The game was refereed by Ken Burns of Dudley. No prizes for guessing which other FA Cup tie involving Sunderland he officiated.

It may be quite a while before I visit Everton again. By that time, the much loved Goodison may well have joined Roker, Highbury, and Belle Vue Consett on the list of “Great Grounds That Are No Longer With Us.” That distinct feel of football clubs being deeply rooted in their communities and surrounded by the people who actually watch them has almost gone as stadiums are built on land that once housed coal mines, docks and farmland. An era is rapidly passing before our eyes. I am pleased that I saw these grounds as they were meant to be seen – particularly Goodison, my favourite ground after Roker.

4 thoughts on “The First Time Ever I Saw Your Ground: Goodison, ‘my favourite after Roker’”

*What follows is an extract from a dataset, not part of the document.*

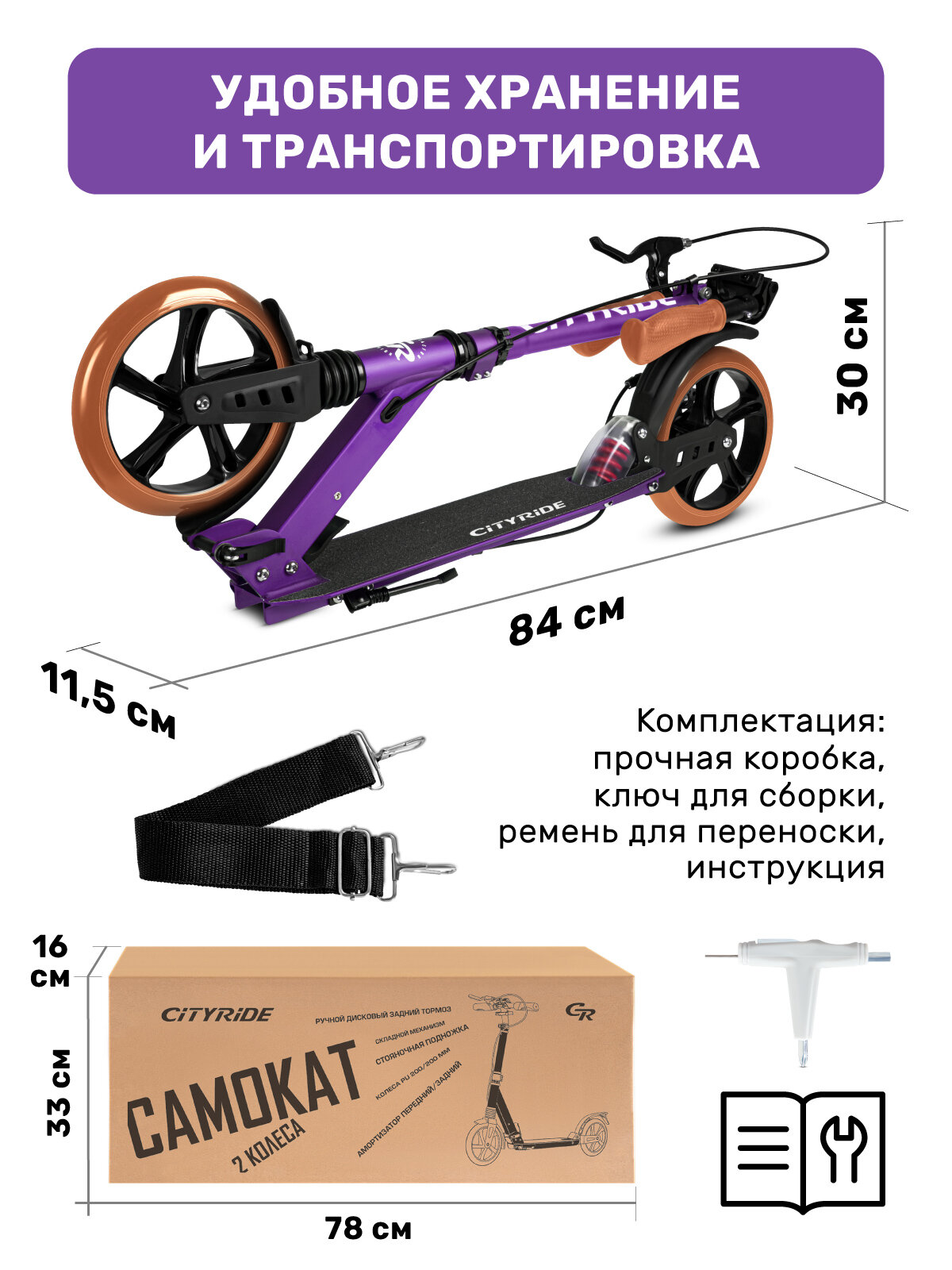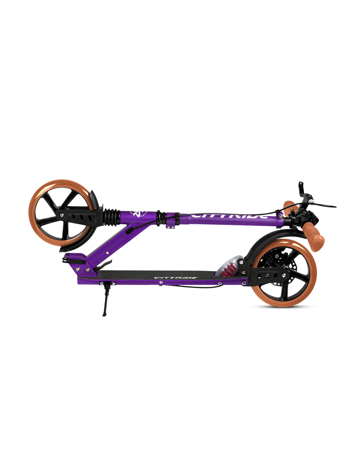 Самокат двухколесный ТМ CITYRIDE, складной, колеса светятся PU 120/120, ручной тормоз, подножка, CR-S2-09/МТ

  1. I think the closest I ever got to Goodison Park would have been the area around Canada / Huskisson Docks – and you certainly can’t see a game from there. I can however recall the odd unmemorable Everton game in London. But one of those London games – a 0-0 draw no less – WAS memorable. It was one of those games when a young relative unknown stood out from the crowd. This time it was 19 year old Alan Whittle playing on the right wing at Highbury against Arsenal in – believe it or not – an evening League Cup 3rd round tie.

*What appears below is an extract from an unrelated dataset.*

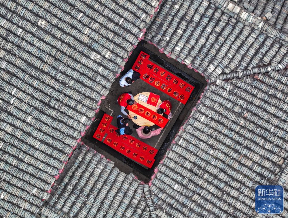 ↑2025年1月22日,在湖南省永州市道县梅花镇贵头村,文化志愿者在写春联(无人机照片)。新华社发(蒋克青 摄)

    24th September 1969. League Cup 3rd round. Highbury. Gate: 36,102.

    Arsenal: Malcolm Webster, Peter Simpson, Frank McLintock, Peter Storey, Bob McNab, David Court, Jimmy Robertson, Jon Sammels, George Graham, John Radford, George Armstrong.

    Everton: Gordon West, Tommy Wright (sub Roger Kenyon), Brian Labone, John Hurst (always wore #10), Sandy Brown, Colin Harvey, Howard Kendall, Alan Whittle, Alan Ball, Joe Royle, John Morrissey.

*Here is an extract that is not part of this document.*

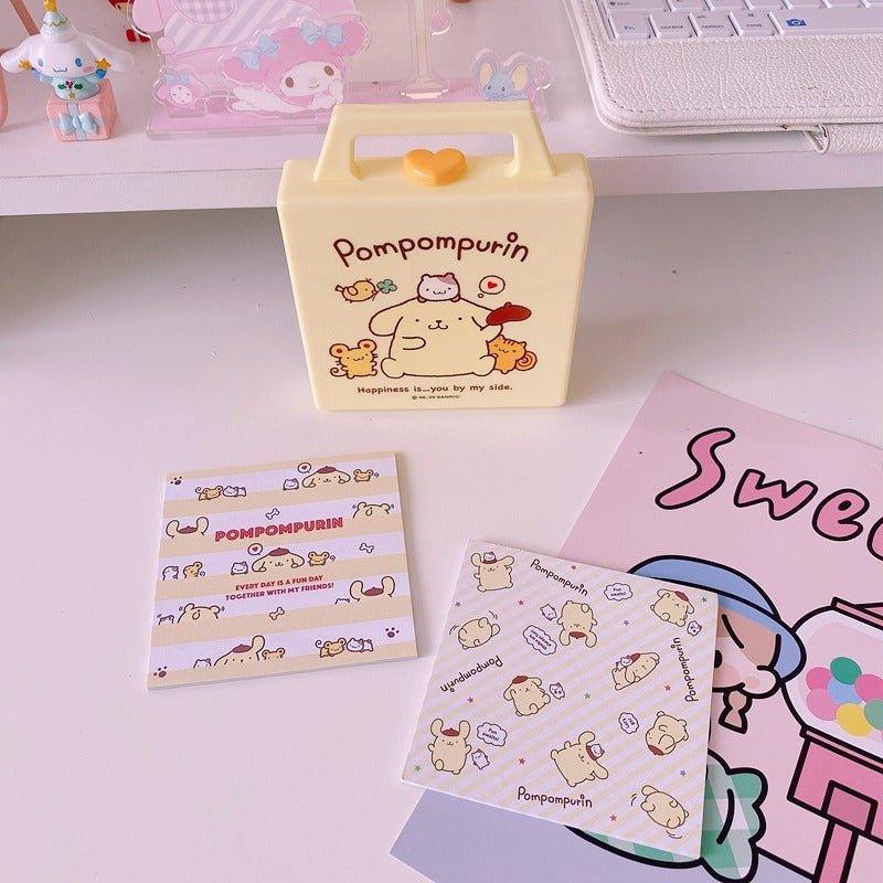 Stay organized and add a touch of cuteness to your desk with the Memo Pad with Case, featuring adorable Sanrio characters and a convenient storage container for your notes.

    Whittle was very unfortunate in that he always had the tough competition of Jimmy Husband for his position. Whittle turned out to be one of life’s “Nearly men”. He nearly had a great career at Everton; he nearly won England caps; he nearly won this particular game for Everton. With class midfielders Howard Kendall, Alan Ball, and Colin Harvey alongside him he received plenty of the ball and he always had the beating of his immediate opponent Bobby McNab (ex-Huddersfield).

    In the following week, Everton won the replay at Goodison 1-0 with a goal from Howard Kendall. Perhaps significantly Husband played on the right wing and Whittle was not on the team sheet. Arsenal had Pat Rice and Terry Neill back in defence.

    I don’t know why Whittle never quite realised his full potential. Someone else may remember him better than I do. Maybe wasteful of the ball after beating his man. Maybe didn’t work hard enough – after all most of these early team formations – especially 4-3-3 – were simply ways of getting more work out of the wingers. Who knows. Maybe Johnny Morrissey on the other wing was more like what Everton expected of a winger. He certainly had a very different approach to the game.

  2. Enjoyable,nostalgic article
    Always nice to hear outsiders views of our two clubs..
    I remember the season after this, when you were again drawn away to Everton in the League Cup.
    We were 2-0 up( with two goals from the Golden Vision, Alex Young), and Alan Ball missed a penalty.
    Your lads came back to win 3-2
    I ma sure a few of your older supporters will remember that night!
    Cheers

  3. In the Sunderland anthology ‘Black Catalogue’ (2006) Barry Robson writes of working at Wetherell’s and seeing Jim Baxter being carried out in the early hours of Saturday morning yet starring later that day in a 3-1 win over Newcastle in 1966.In the same collection there is also a piece from the Everton fanzine ‘Speke from the Harbour’ making much of the preference for Sunderland over Newcastle as does Paul Daly.

  4. Cracking article Pete,
    Really captures a great era and underlines a really good historical relationship between Sundeland and Everton. As an Everton supporter, I have always preferred Sunderland to Newcastle and can well remember the Roker Roar.